Machine Learning Assisted Design of Catalysts for Metal-Air Batteries
SandBox is developing technologies which use DFT and proprietary machine learning and artificial intelligence algorithms to help its customers narrow the catalysts for evaluation by experiment and accelerate their discovery of new catalyst materials.
Metal-air batteries are attractive for long-ranged electrical vehicles and in-place energy storage due to their high operating voltages and energy densities. Because they exchange oxygen from the atmosphere, their weight and size are significantly reduced. Electrochemical catalysts for the oxygen reduction reaction (ORR) and oxygen evolution reaction (OER) are critical for fast charge and discharge rates, low overpotentials, and good charge/discharge efficiencies because of the naturally slow kinetics of these reactions. Currently, Pt is the highest performing catalyst, but it is very expensive, is not sustainable for broad applications, and has some long-term stability deficiencies.

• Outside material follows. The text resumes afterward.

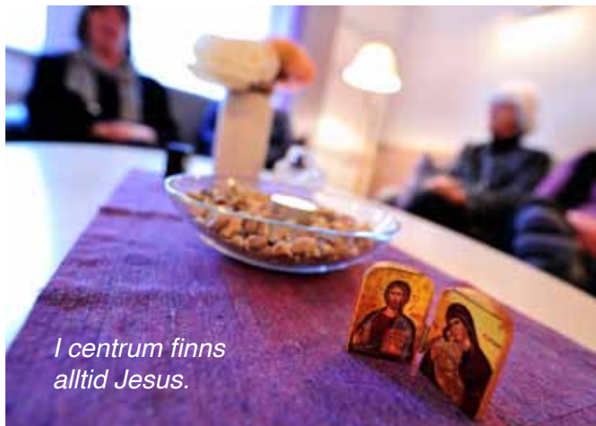
I centrum finns alltid Jesus.

SandBox identifies low cost, high activity catalysts for ORR and OER using Density Functional Theory and machine learning to bring this energy storage and delivery technology into broad use. SandBox is developing technologies that use proprietary machine learning-enhanced approaches to construct databases containing asystematic ranking of potential catalysts for ORR and OER.
The development of catalysts to enable metal-air batteries will usher in a new era energy storage for electric vehicles (EVs) and in-place storage for intermittent wind and solar sources. These batteries will enable EVs to travel up to 10 times further than with current batteries and make in-home storage for solar efficient. There are also many military applications for these higher energy density batteries.